Самолет Петрова начал отставать от группы. Чтобы не дать машине перевернуться, летчик убавил скорость до минимальной. А гитлеровцы между тем парами заходили в атаку, стараясь добить поврежденную машину. Бельский отбивает одну атаку за другой. Как только «мессеры» выходят на дистанцию действительного огня, он весь огонь направляет на них. Мгновение — и они проскакивают мимо медленно летящего самолета Петрова.
Тогда немцы начали действовать по-иному: они тоже убавили скорость: отчего даже стали заметными на их самолетах круги медленно вращающихся винтов, и, выстроившись пеленгом, повисли на хвосте машины Петрова. Атаку первой пары Бельскому удалось отразить. Но пока он развернулся, самолет следующей пары уже открыл огонь по его командиру.
Недалеко впереди — облачность, та самая, на которую возлагали столько надежд, готовясь к вылету. Облачность для летчика — единственная надежда на спасение в трудную минуту. Но как дотянет к ней командир на израненной машине? Бельский подбадривает Петрова по радио, а сам решается на крайность: как только изготовится фашист для стрельбы по Петрову — бросить свой самолет прямо на атакующего «мессера», прикрывая машину командира.
Так и поступил. И вот хорошо слышна летчику четкая барабанная дробь пулеметных попаданий в обшивку самолета, а когда вся машина вздрагивает, то значит в нее угодил снаряд. Бельский мысленно их считает: «Три... четыре...»

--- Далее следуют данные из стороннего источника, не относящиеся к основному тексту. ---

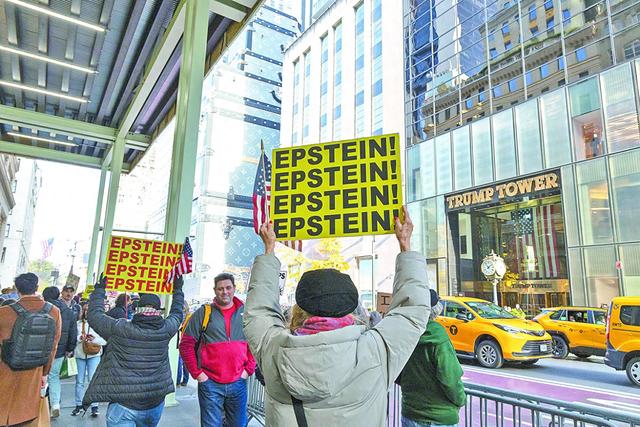 16日,示威者在纽约特朗普大厦外和平抗议,手持标语和横幅,要求“法治而非报复”“公开爱泼斯坦案文件”。(IC photo)

Дерзкий маневр летчика психологически действует на противника. Боясь столкновения, он каждый раз резко отворачивает самолет в сторону.
Как только изготовился к атаке следующий «мессер», Бельский вновь повторяет свой маневр, направляя самолет прямо к его носу. Но вдруг его машина вздрогнула, в кабине все завибрировало. Это угодил в в нее восьмой по счету снаряд. Не зная точно последствий попадания, но чувствуя, как сотрясается самолет, он передает по радио командиру:
— Петров, я подбит, больше прикрывать не могу... Бельский переводит свой самолет в набор высоты. Машина продолжает вздрагивать, но рулей слушается хорошо.

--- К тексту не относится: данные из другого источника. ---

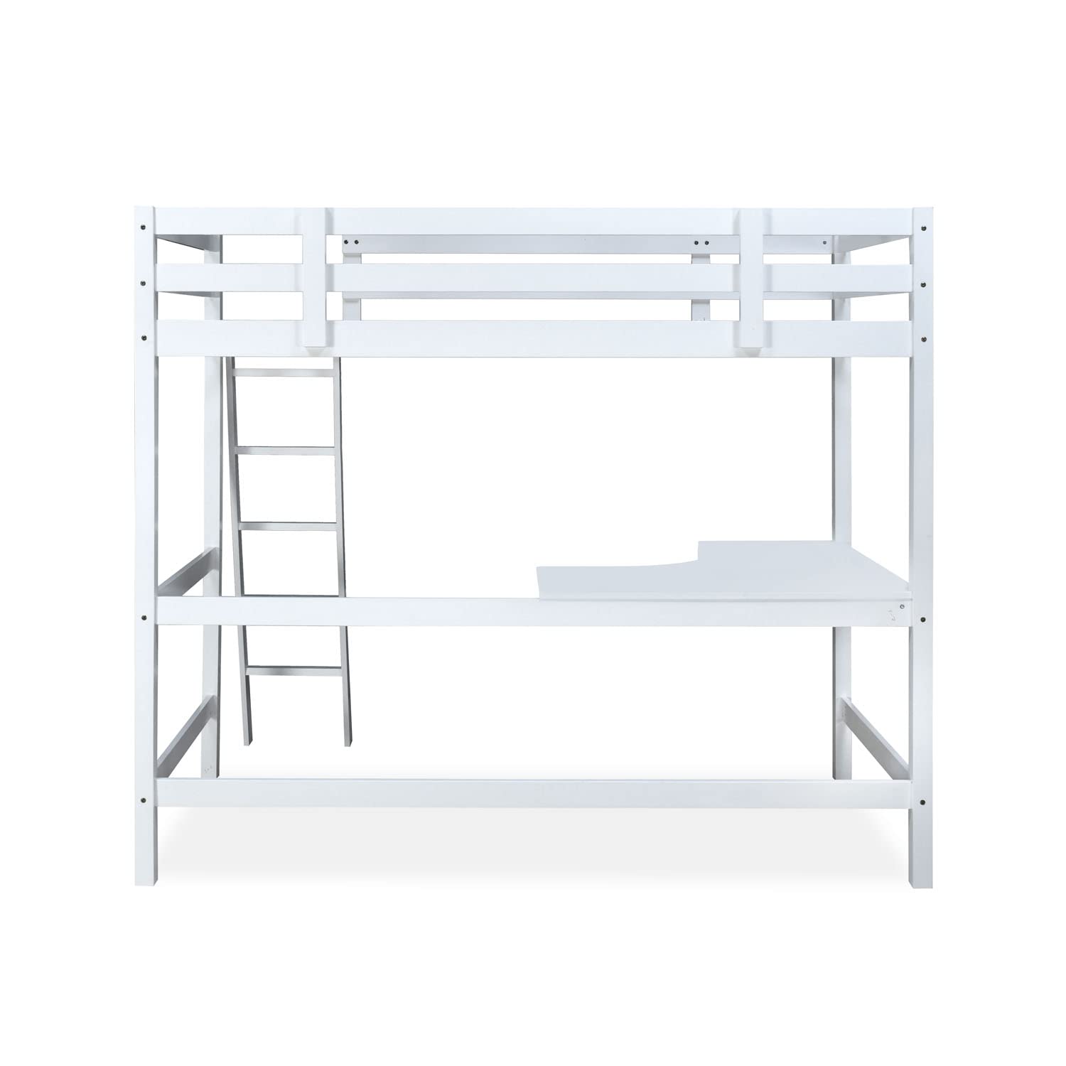 Solid Wood Bunk Bed with Study Table & Side Ladder for Kids (White)

В атаку на его самолет изготовилась четверка «мессеров», следующих один за другим с небольшим интервалом в пеленге. Вот-вот тот «мессер», что впереди, ближе к нему, откроет огонь... Чувства подсказывают летчику: надо бы предпринять маневр, чтобы не дать возможности вести гитлеровцу прицельный огонь, но мысль удерживает: еще миг... впереди облачность — единственная надежда на спасение. Увернешься из-под атаки, попадешь затем в кольцо вражеских истребителей. Было бы нормальное состояние — полбеды, но машина подбита, вся содрогается от сильной тряски...
Но вот и облачность. Словно густым туманом окутало все вокруг. Сразу становится легче на душе. Плавным доворотом без крена летчик устанавливает по компасу обратный курс полета к аэродрому и все внимание приковывает к показаниям навигационных приборов, контролирующих режим слепого полета. Это единственное, что он может теперь делать. Во время полета на часы летчик не смотрит, но чувствует: находится на подходе к аэродрому.

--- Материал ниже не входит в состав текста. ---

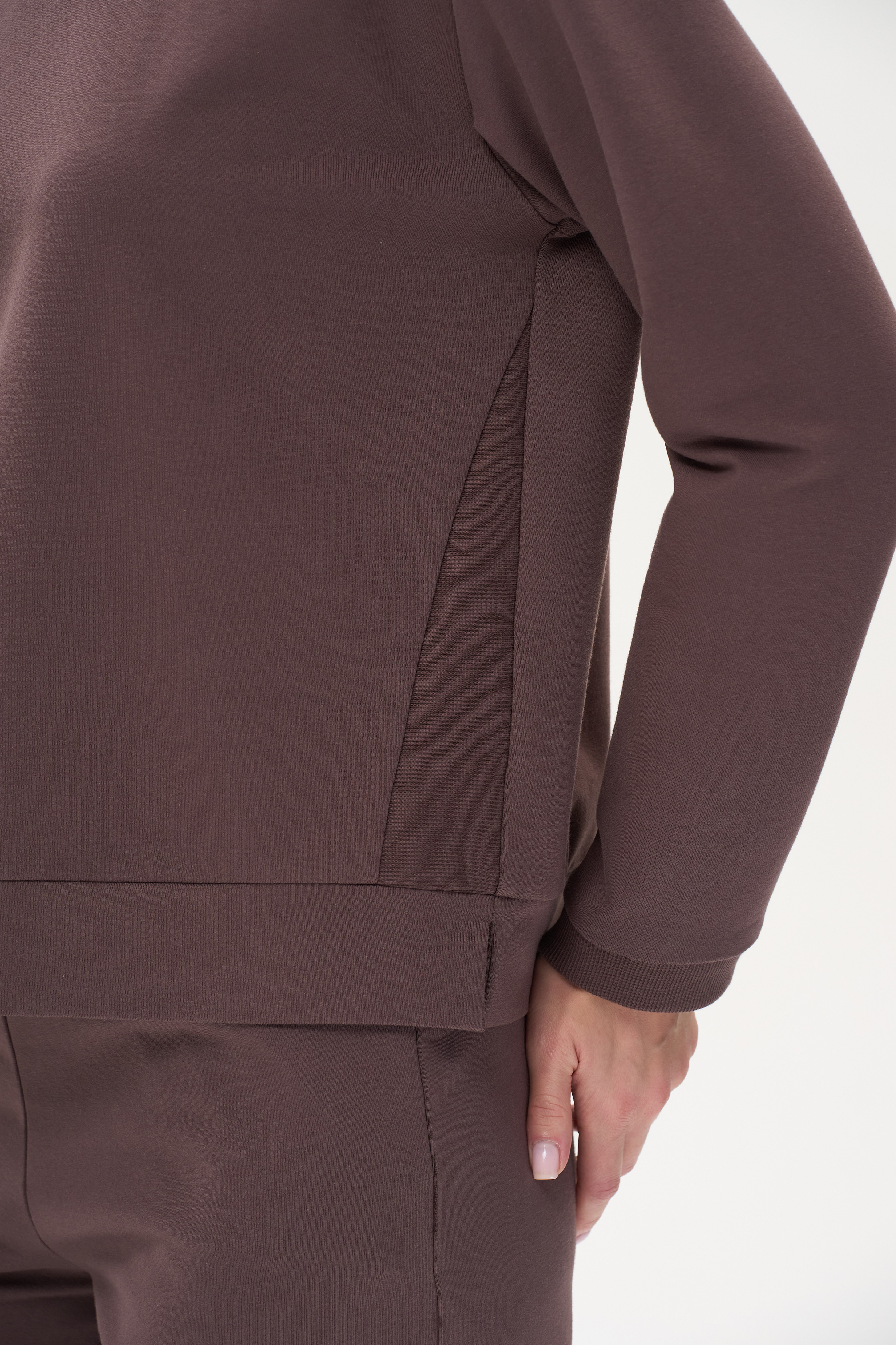 Универсальный джемпер из футера в благородном кофейном цвете. Джемпер можно сочетать в многослойном образе, с рубашкой и жакетом.

Медленно начинает снижение и вскоре вырывается из объятий облачности, прямо перед собой видит аэродром у станицы Поповичевская — сюда они должны возвратиться с задания.
После посадки, пока Бельский вылезал из кабины и расстегивал лямки парашюта, механик самолета Иван Петров осматривал пробоины на самолете.
— Товарищ командир! Одних только пробоин от снарядов семь.
— Должно быть восемь, Иван Алексеевич!
Тот удивленно посмотрел на командира, начал вновь осматривать самолет, но восьмой пробоины не находил. Тут подошел инженер эскадрильи Михайлов:
— Смотри, какой красивый цветок, настоящая лилия!
Подняв глаза, все увидели на лопасти винта, торчащей вертикально вверх, ту самую, восьмую пробоину — большую дыру с расходящимися в стороны краями разрыва, напоминающими лепестки цветка.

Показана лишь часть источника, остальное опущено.